*TO DO*. Should a picture appear anywhere in the data, omit it and copy everything else exactly.

*RAW DATA*.
Segment Open

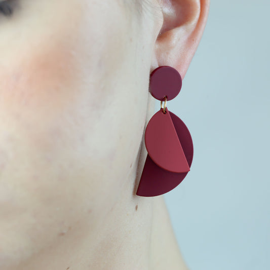 Cercei lungi în formă de frunză geometrică siliconata - Bordo
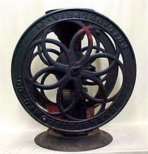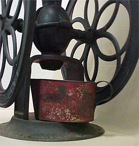 Enterprise coffee grinder; large store model; with original receiver; Chinoiserie decoration on grinder and receiver; 25" high (no visible defects) WILL NOT SHIP.
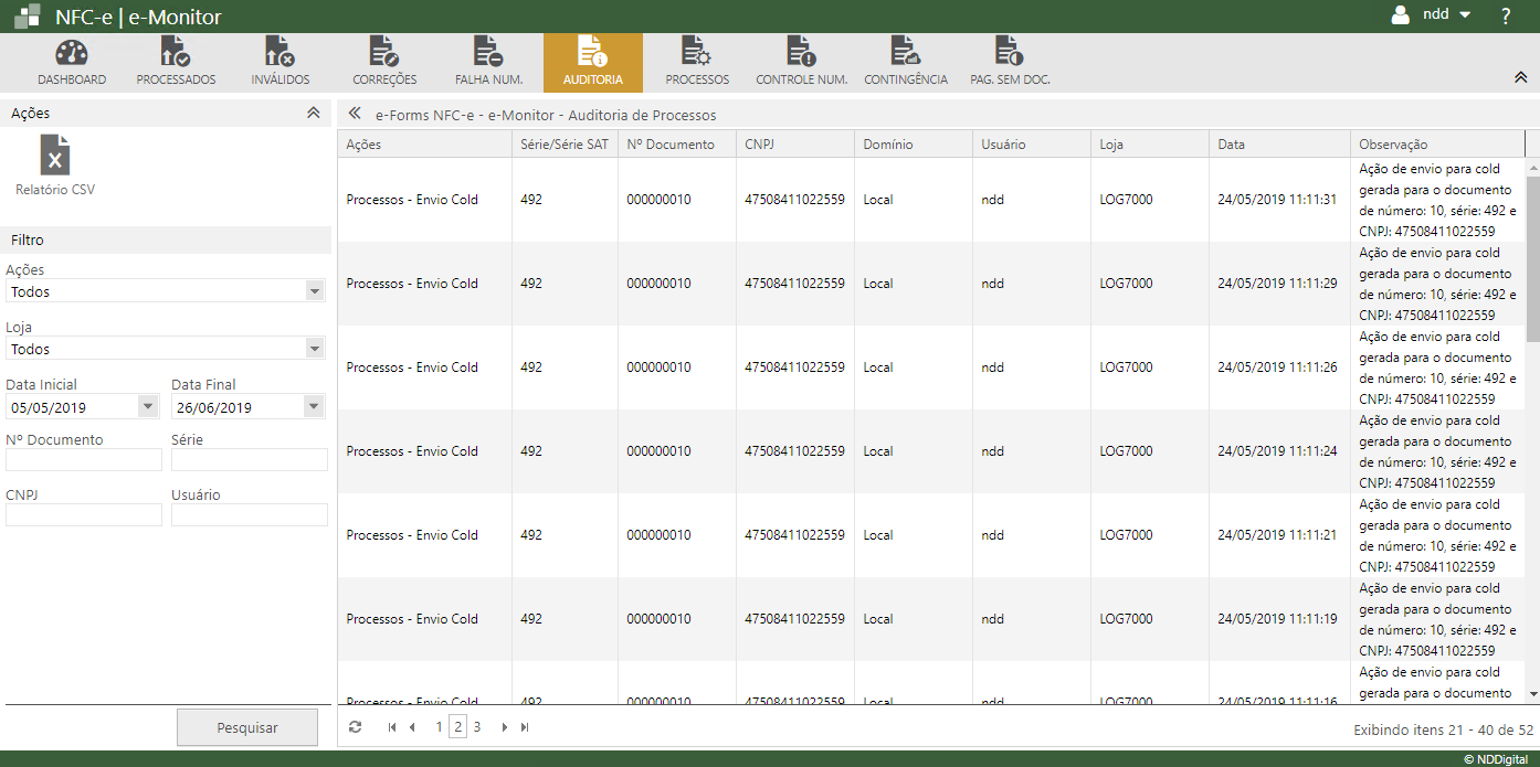 Através da área Ações, contida a esquerda da tela, é possível baixar um relatório de todos os registros apresentados na tela de acordo com a pesquisa realizada. O arquivo .csv extraído contém dados como: data, série/Série SAT, nº documento, CNPJ, ações, domínio, usuário e loja.
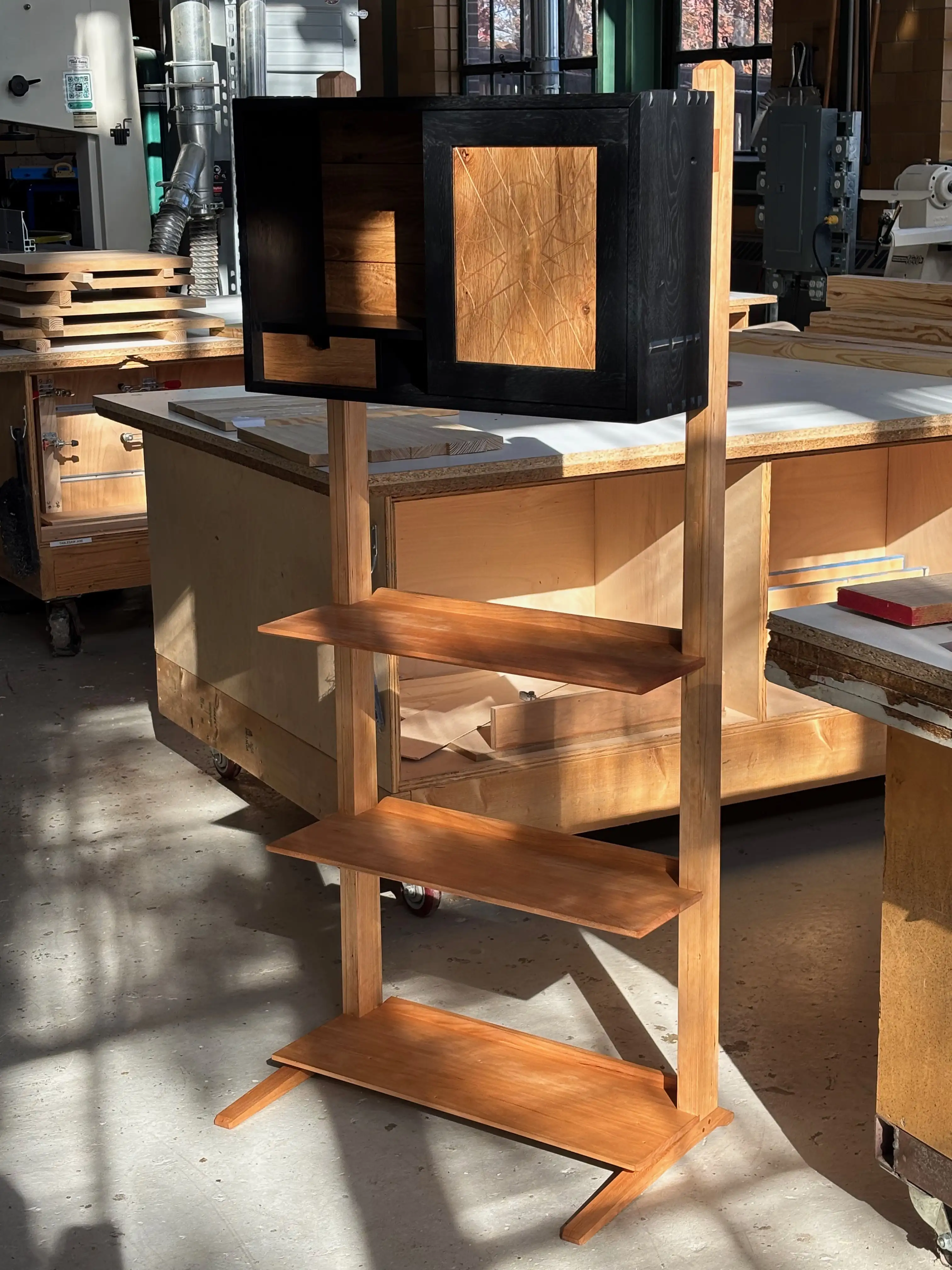 I made a bookshelf out of cherry to hold the cabinet, as I was living in a rented apartment at the time, which prevented me from putting the cabinet in its rightful place on a wall.

Segment Closed

*THE COMPLETED TASK*.
 Cercei lungi în formă de frunză geometrică siliconata - Bordo
 Enterprise coffee grinder; large store model; with original receiver; Chinoiserie decoration on grinder and receiver; 25" high (no visible defects) WILL NOT SHIP.
 Através da área Ações, contida a esquerda da tela, é possível baixar um relatório de todos os registros apresentados na tela de acordo com a pesquisa realizada. O arquivo .csv extraído contém dados como: data, série/Série SAT, nº documento, CNPJ, ações, domínio, usuário e loja.
 I made a bookshelf out of cherry to hold the cabinet, as I was living in a rented apartment at the time, which prevented me from putting the cabinet in its rightful place on a wall.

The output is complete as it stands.